If you’re honest, it’s going to be a struggle.

We haven’t played the final yet and there’s more negativity around the inter-county football scene at the moment.

It’s easy to slag off football pundits and criticise them for constantly talking down football but there is a cohort of us who are trying to be as positive as we honestly can.

I’ve defended the Super 8s.

I think it’s hugely important to try and reinvigorate the championship and I think it will change the dynamic in July and August.

We will get more competitive games and big matches in smaller venues, two things severely lacking from the competition at present. That should, in theory, throw up a few more surprises, a painful rarity this year.

My hope is that the extra games will bring all the top teams to their true levels at the same time which should see compelling semi-finals.

But at the moment, it can be hard to defend something that’s indefensible. It’s impossible to simply smell the flowers in the garden while the house is burning down.

What are your football moments of the year so far?

Mine is Con O’Callaghan’s goal against Tyrone for its level of skill, its significance in the context of that moment in a game that was still competitive.

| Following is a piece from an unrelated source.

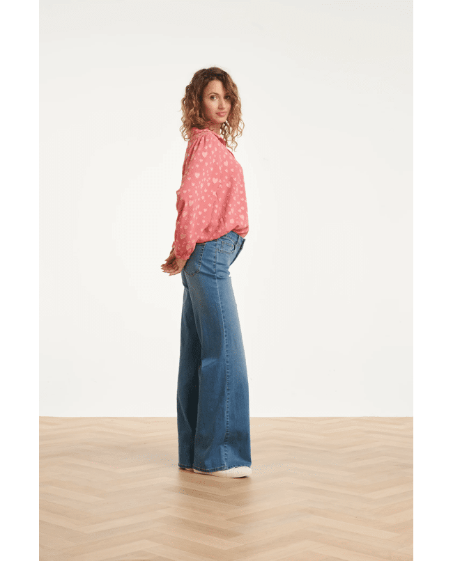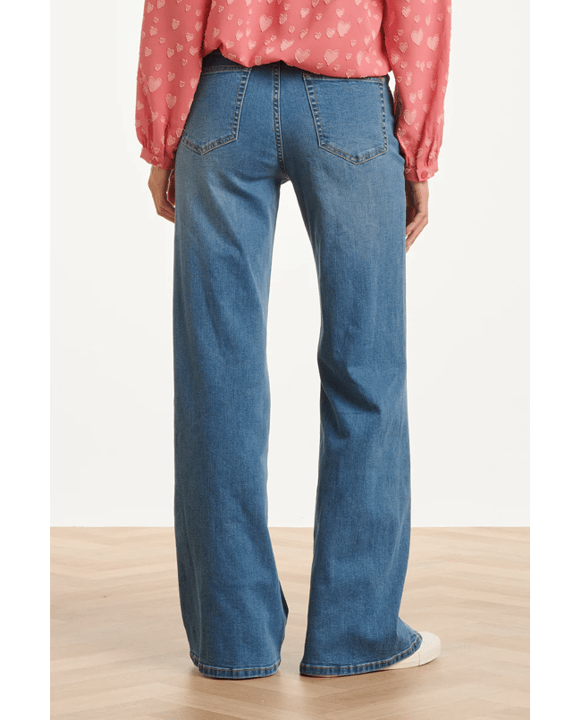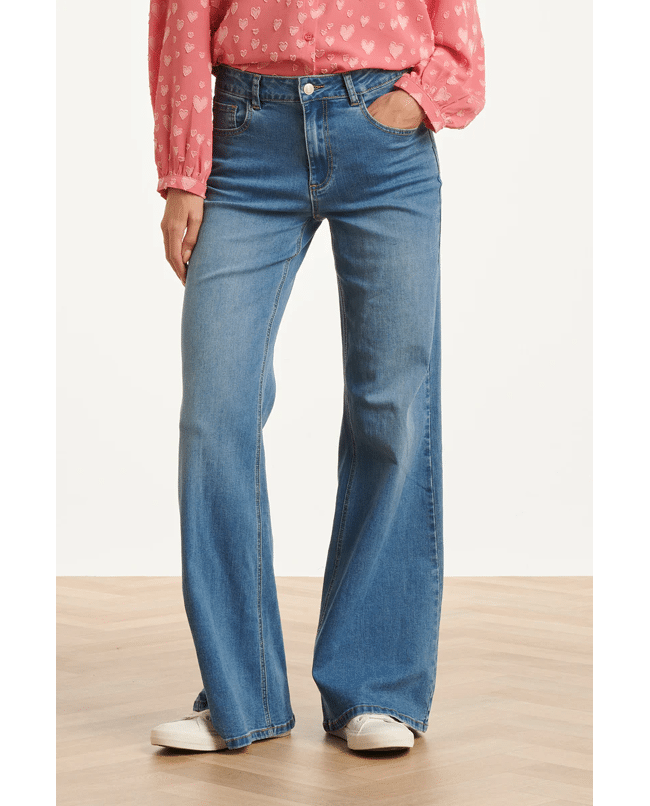 Het flared model creëert een elegant silhouet, terwijl de zachte denim met stretch meebeweegt voor ultiem draaggemak. Dankzij de klassieke wassing is de broek eindeloos te combineren – van casual met sneakers tot gekleed met een blazer en hakken. Hoge tailleband voor extra ondersteuning en stijl.

We spoke so much about systems of play and what Tyrone were going to try and do but this just blew it out of the water with a young footballer’s individual audacity.

Other than that?

Galway and Mayo was a decent game in Castlebar. Roscommon ambushing Galway the following day was a surprise but it didn’t really gets hearts racing.

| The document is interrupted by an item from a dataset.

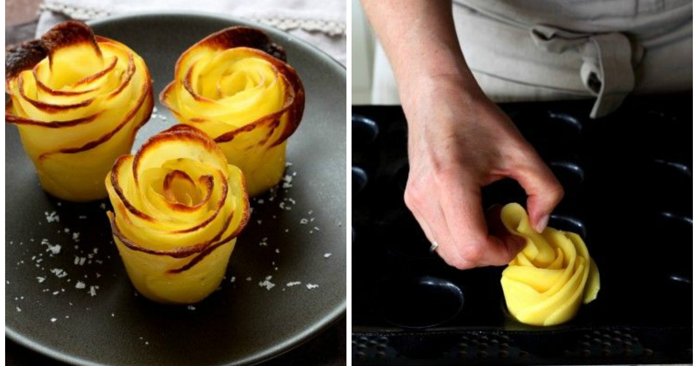 Eine kreative Idee für die nächste Essenseinladung. Dank der in Kartoffeln enthaltenden Stärke halten diese wunderschönen Rosen.

Down taking out Armagh? Maybe.

Outside of that?

We had a fiasco about Aidan O’Shea having a photograph taken after a challenge match that generated more comment than any match until the All-Ireland semi-finals.

We had the Diarmuid Connolly affair that lasted weeks upon tedious weeks.

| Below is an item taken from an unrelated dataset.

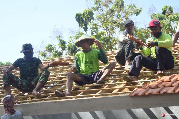 Warga yang ikut gotong royong mengikuti arahan atau satu komando sekaligus dalam pengerjaan pemasangan Genteng Rumah Isolasi. Ada satu tukang profesioanal yang dipercaya satgas. Karena pekerjaan atap bukan pekerjaan mudah dan posisinya juga diatas tentu sangat berbahaya sekali kalau sembrono. Maka untuk tukang profesioanal serta warga yang sudah berpengalaman berada di atas.
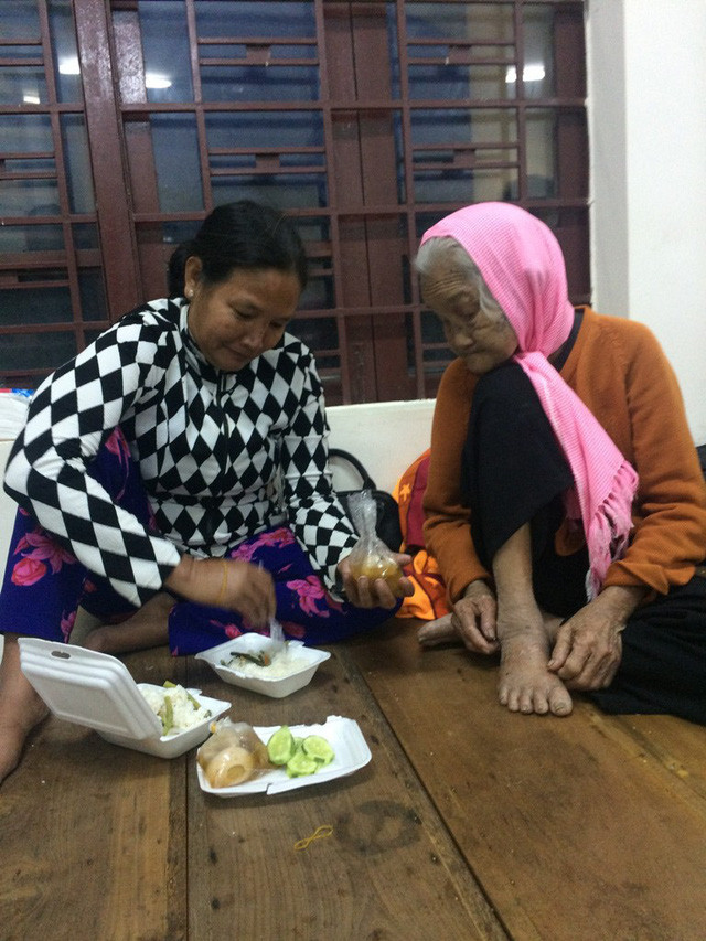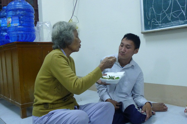 Bà Mum bón cơm cho cháu ngoại 26 tuổi bị tật nguyền từ nhỏ.

Controversies that had people talking more than any of the football on offer.

It took Mayo playing O’Shea at full-back for us to have a real talking point that was actually about football.

So as much as you’d like to be positive, it’s difficult. If Dublin win on Sunday week, we’ll have more talk about them being too far ahead of the pack, splitting the county and financial mismatches than about a great team completing a historic achievement.

But it’s important that if Dublin do make it three-in-a-row, we celebrate it for what it is rather than immersing ourselves in hysteria about the state the game is in.

Hurling went through the same thing with Kilkenny a few years ago yet they have a more inclusive, competitive championship now than they have had since the 1990s.

If Mayo win, it will obviously give the game a lift. They’re already the story of the year. They’ve kept us entertained. They’re the one team that have kept us interested throughout the year, with their high-wire act through the qualifiers all the way back to yet another final.

But otherwise, it just hasn’t been a positive year in terms of the spectacle.

You have to stand back and look very closely to appreciate the logic managers are employing when it comes to setting their teams up in conjunction with the players they have and the systems they put in play.

Their objective is to get as far as possible in the championship and at the moment, that isn’t compatible with entertaining people.

That has led to the abandonment of the sort of football that attracted us all to the game in the first place. It has resulted in conservatism being the prevalent mind-set in the inter-county championship.

Yes, it’s fascinating at times. But it can be boring to watch too and mostly, it goes against players’ natural instincts and contradicts much of what they have been taught. That all adds up to tense but uninspiring matches.

No adventure. No real inspiration. Players with flair being inserted rigidly into systems that don’t exhibit their talents.

So rather than jumping on the bandwagon in two weeks’ time and lamenting the state of the game, I’m putting my eggs in the Super 8 basket.

I accept it’s not a solution to the plight of the weaker counties. But I do think in terms of our product, in terms of matching what hurling currently has, the Super 8 will invigorate the football championship. It’s badly needed.